The Nuxeo Connector for Content Intelligence connects Knowledge Discovery to the Nuxeo repository. It enables you to perform tasks on Nuxeo documents using Artificial Intelligence (AI) from the Discovery module in the Content Intelligence Cloud. After you install and configure Nuxeo Connector for Content Intelligence, you must ingest the documents you want the Discovery module to access and perform tasks using AI.

Install the Nuxeo Connector for Content Intelligence

To install the Nuxeo Connector for Content Intelligence, complete the following steps.

  1. Install the addon package using the mp-install command. For additional information, refer to the installation steps mentioned in the Installing a New Package on Your Instance topic.

  2. Update nuxeo.conf with appropriate properties. Please refer to list of configuration options in the Configure the Nuxeo Connector for Content Intelligence section.

Configure the Nuxeo Connector for Content Intelligence

Configure the plugin based on your environment using the following nuxeo.conf properties.

Property name Description
hxai.api.client.id The Hxai client ID
hxai.api.client.secret The Hxai client secret
hxai.api.auth.baseurl The IDP base URL (ex: https://auth.iam.dev.experience.hyland.com)
hxai.api.ingest.baseurl The Hxai ingest base URL (ex: https://ingestion-api.insight.dev.ncp.hyland.com/v1)
hxai.api.ingest.env.key The ingest environment key

About ingestion

The connector leverages Nuxeo’s search capabilities to select documents and sends them for ingestion using the NXQL query language. The Nuxeo documents selected for ingestion go through the following stages:

  • Mapping: The metadata of the documents are mapped. If there are no custom maps defined, the default map can be used for mapping the document metadata. However, custom maps can be specified as default for specific document types.
  • Remap and transform: The name of the properties are standardized and values are transformed using functions.
  • Upload: Upload the binaries. The IDs are assigned to them in the S3 bucket.
  • Data serialization: The metadata is serialized

The serialized metadata is then passed to the ingest service which then stores it in the data lake. The Discovery module enables Nuxeo users to retrieve information using artificial intelligence by accessing ingested data from the data lake. Therefore, to ensure that Discovery module has access to the required data, ensure that the mapping and transformation is configured to ingest the required data from the Nuxeo repository.

Planning for ingestion

Before you start ingesting documents, identify what information you want to retrieve using the Discovery module. Based on your requirement, you can determine what data you want to ingest so that the Discovery module can access it and provide you the intended results. Once you have the clarity about the data you want to ingest, you can configure the mappings, ingestion parameters, ingest property mappers to simplify complex metadata, and transformation functions.
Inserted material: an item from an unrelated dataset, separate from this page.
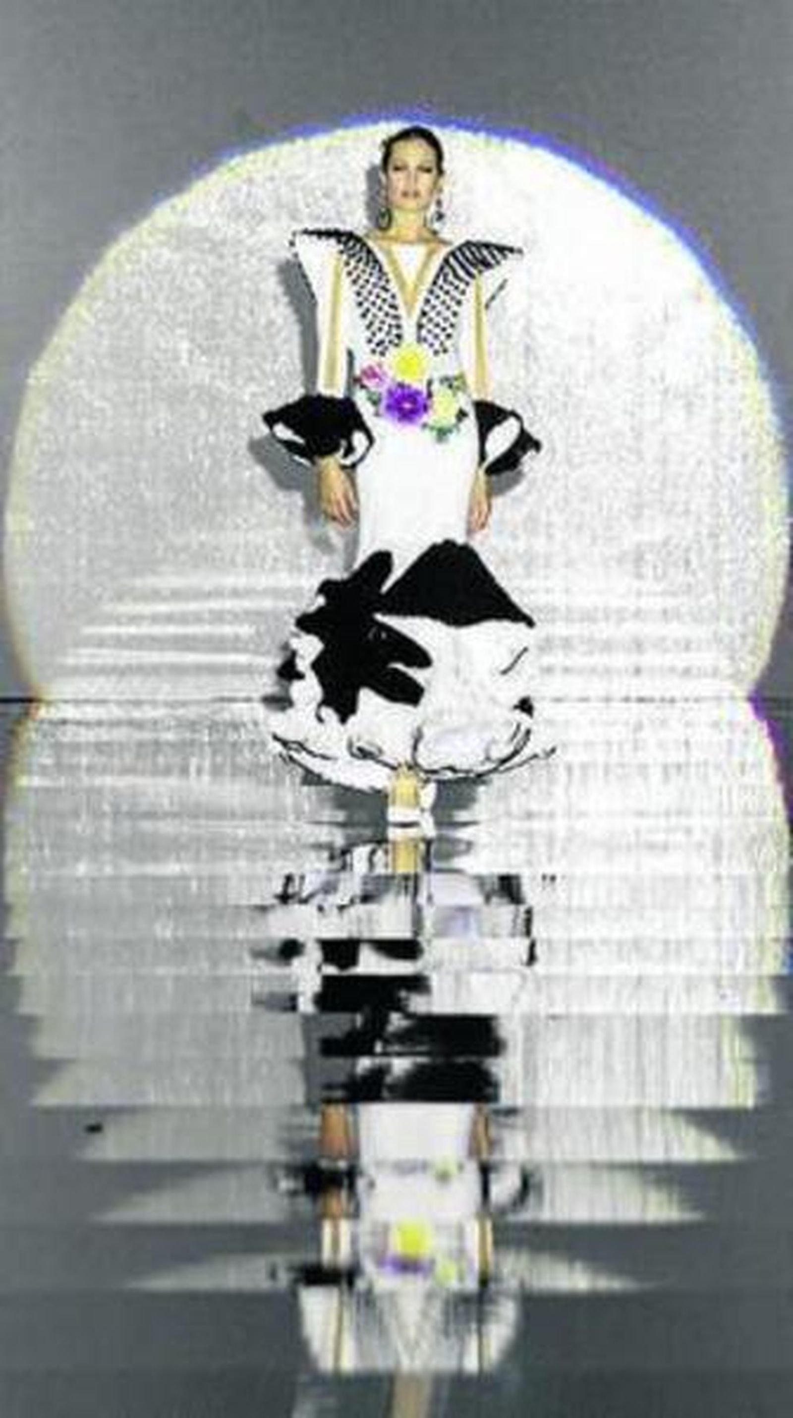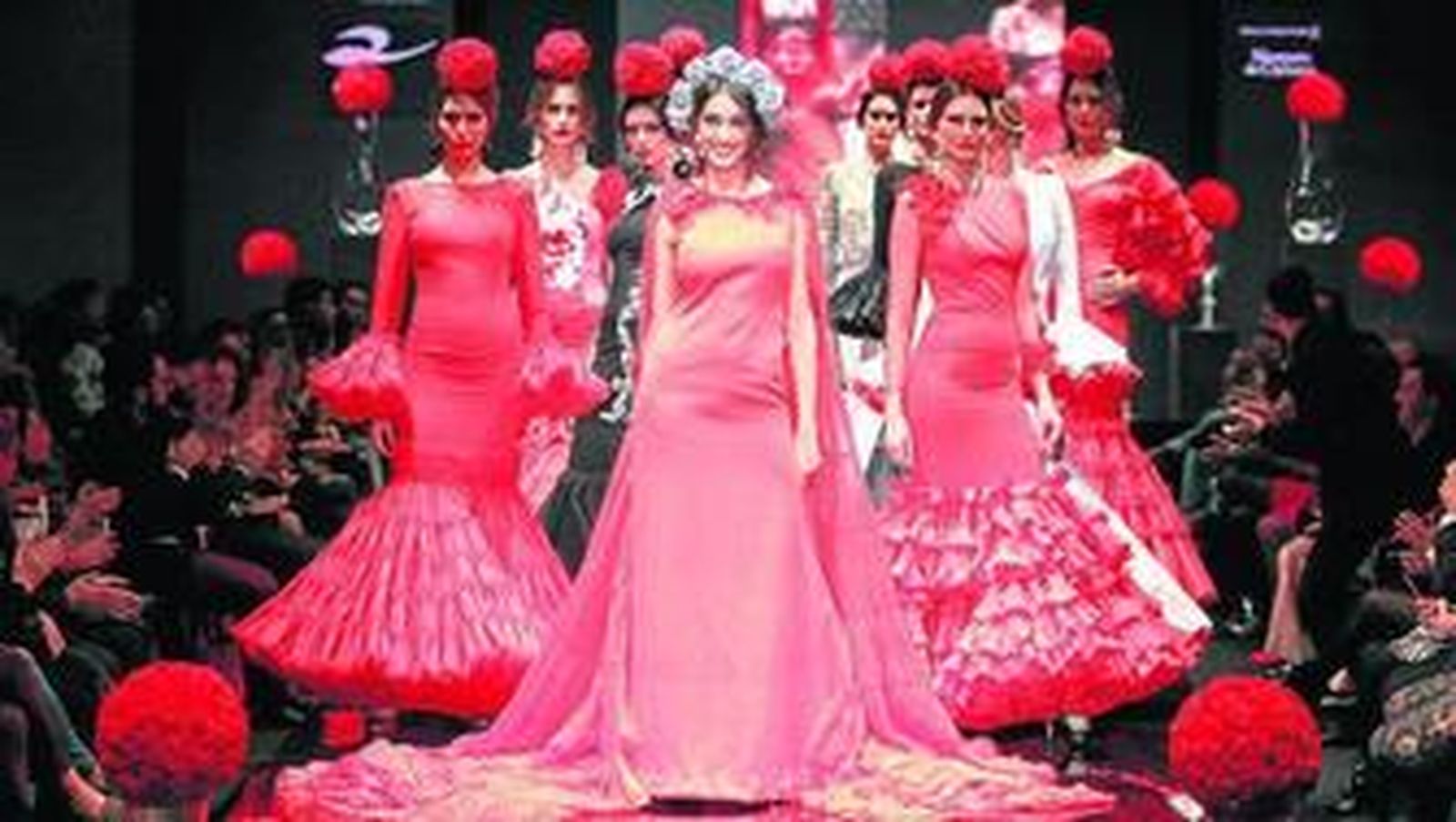 De forma muy distinta terminó la jornada de Simof de la mano del diseñador sevillano Javier García y sus Flores a ella. Su propuesta se inspira en las fiestas de Andalucía, en las que el clavel es un elemento clave. Ya se han visto guiños a esta flor en varias colecciones. Los colores clásicos forman parte de su inspiración: el rojo como estrella, negros de las mantillas y las abuelas de roete, blancos de las paredes encaladas, morados y verdes de la Semana Santa y grises y platas para las sombras. De nuevo, complementos de hojalata y metales, la guinda para las flamencas de 2016.

After the configuration is complete, you can test a document ingestion using the Dry run mode. For the connector to ingest documents, the documents must be selected and sent for ingestion. Nuxeo search capabilities are used to locate the documents and NXQL query language sends them for ingestion. The ingest action uses the Nuxeo Bulk Action Framework (BAF) to manage the documents matched by an NXQL query. BAF provides a REST API to call and monitor it. The following example displays the execution of the ingest action:

curl -ss -u foo:bar -H 'Content-Type: application/json' <myNuxeoUrl>/nuxeo/api/v1/automation/Bulk.RunAction -d \
'{"params":{
    "query":"SELECT * FROM Document WHERE ecm:ancestorId = '\''<my-root-doc-id>'\''",
    "action":"ingest",
    "parameters": "{\"inlineMapping\":\"dublincore,common\",\"inlineTransformer\":\"a=b=Function,c=d=OtherFunction\",\"replaceMapping\":false,\"aggregateDefaultMapping\":false,\"aggregateDefaultTransformer\":false,\"persistMapping\":false}
  }
}'

In the above curl command, the ingest action ingests document metadata for documents in the <my-root-doc-id>, If the documents have complex metadata, they must be simplified using the ingest property mappers before they are ingested.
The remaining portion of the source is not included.